HOUSTON ABBIAMO UN PROBLEMA

FILIPPO BONAVENTURA, LORENZO COLOMBO, MATTEO MILUZIO

MILANO, RIZZOLI, 2022 PAGINE 352 - FORMATO 14 X 21,7 CM PREZZO € 18,00

Quando pensiamo al cammino della scienza, ci vengono in mente soprattutto le grandi scoperte, magari suggellate da un lampo di genio improvviso. Niente di più falso. Al contrario, i momenti eureka sono davvero pochi, e le scoperte sono spesso il coronamento di anni di duro lavoro, spesso costellati da fallimenti. Perché spesso è proprio da questi insuccessi che nascono le grandi scoperte. E le Storie astronomiche di fallimenti di successo e altre sorprese, come recita il sottotitolo, sono il tema di questo saggio di Bonaventura, Colombo e Miluzio.
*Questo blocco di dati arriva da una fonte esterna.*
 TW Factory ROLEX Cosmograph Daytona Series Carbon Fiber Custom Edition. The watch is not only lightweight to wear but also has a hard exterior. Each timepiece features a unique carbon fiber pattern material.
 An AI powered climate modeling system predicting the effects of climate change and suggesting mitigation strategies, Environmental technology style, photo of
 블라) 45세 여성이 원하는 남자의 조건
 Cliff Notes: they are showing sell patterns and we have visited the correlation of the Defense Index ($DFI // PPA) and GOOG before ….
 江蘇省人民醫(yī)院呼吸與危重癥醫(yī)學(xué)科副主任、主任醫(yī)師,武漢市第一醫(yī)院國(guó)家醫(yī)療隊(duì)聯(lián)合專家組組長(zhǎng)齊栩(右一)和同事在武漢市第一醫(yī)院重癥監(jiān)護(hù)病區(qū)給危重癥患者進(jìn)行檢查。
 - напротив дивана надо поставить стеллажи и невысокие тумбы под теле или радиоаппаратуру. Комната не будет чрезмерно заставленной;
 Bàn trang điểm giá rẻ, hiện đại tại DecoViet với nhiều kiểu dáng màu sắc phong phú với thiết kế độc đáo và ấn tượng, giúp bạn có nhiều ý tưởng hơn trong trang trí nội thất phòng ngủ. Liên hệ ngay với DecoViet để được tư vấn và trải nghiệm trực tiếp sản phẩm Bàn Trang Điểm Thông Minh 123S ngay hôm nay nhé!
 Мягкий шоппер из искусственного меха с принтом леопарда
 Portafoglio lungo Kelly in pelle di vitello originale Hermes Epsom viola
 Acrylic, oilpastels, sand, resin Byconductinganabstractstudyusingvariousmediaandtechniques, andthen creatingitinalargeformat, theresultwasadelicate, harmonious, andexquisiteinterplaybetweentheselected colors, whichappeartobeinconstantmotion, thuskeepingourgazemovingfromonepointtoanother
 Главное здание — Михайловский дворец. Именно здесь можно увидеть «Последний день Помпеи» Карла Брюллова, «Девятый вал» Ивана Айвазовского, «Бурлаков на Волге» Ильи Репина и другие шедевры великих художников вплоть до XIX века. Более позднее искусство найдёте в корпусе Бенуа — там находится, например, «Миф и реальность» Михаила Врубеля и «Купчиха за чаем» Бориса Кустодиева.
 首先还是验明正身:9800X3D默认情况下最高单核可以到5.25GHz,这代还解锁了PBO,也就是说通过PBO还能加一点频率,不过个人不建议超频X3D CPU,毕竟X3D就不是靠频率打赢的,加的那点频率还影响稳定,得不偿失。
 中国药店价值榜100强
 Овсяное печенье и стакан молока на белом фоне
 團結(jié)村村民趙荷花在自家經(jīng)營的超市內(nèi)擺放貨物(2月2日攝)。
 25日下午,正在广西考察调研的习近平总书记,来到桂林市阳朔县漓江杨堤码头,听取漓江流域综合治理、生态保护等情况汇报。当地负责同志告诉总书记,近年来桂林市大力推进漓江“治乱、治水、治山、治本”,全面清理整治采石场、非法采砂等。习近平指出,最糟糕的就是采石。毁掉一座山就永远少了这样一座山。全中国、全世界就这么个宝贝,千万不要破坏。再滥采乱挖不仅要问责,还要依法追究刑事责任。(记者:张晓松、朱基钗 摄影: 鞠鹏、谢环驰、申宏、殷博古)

Gli autori, con una formazione da astrofisici, formano un trio di divulgatori molto noto, grazie soprattutto alla pagina Facebook “Chi ha paura del buio”, molto popolare in rete. Il volume si articola in quattro parti, ciascuna delle quali racconta un aspetto legato al sottile legame fra scoperta, sorpresa e talvolta fallimento. Talvolta dagli errori si imparano molte cose e si realizzano nuove tecnologie, come ci ricorda l’episodio del telescopio spaziale Hubble, che dopo il lancio manifestò un difetto ottico per il quale fu necessario costruire un inedito sistema di correzione, costituito da un sofisticato sistema di “occhiali” per il telescopio. Altre volte le scoperte nascono per caso, come è successo per la rivelazione della radiazione cosmica di fondo da parte di Penzias e Wilson, un risultato che è stato degno del premio Nobel. La scoperta della cosiddetta “eco del Big Bang” arrivò mentre i due astronomi erano alle prese con l’utilizzo delle onde radio per comunicazioni su grande scala. Qualcosa di analogo era accaduto a Karl Jansky, quando scoprì le onde radio di origine cosmica, diventando così il padre della radioastronomia. Il saggio è appassionante e il racconto degli eventi scorre in modo molto piacevole, rendendo il volume un ottimo testo per approfondire alcuni episodi curiosi tratti dalla storia dell’astronomia, grazie ai quali possiamo capire meglio certe tortuosità del cammino della scienza, disseminato da tanti errori e passi indietro. Ma anche da tante luminose sorprese.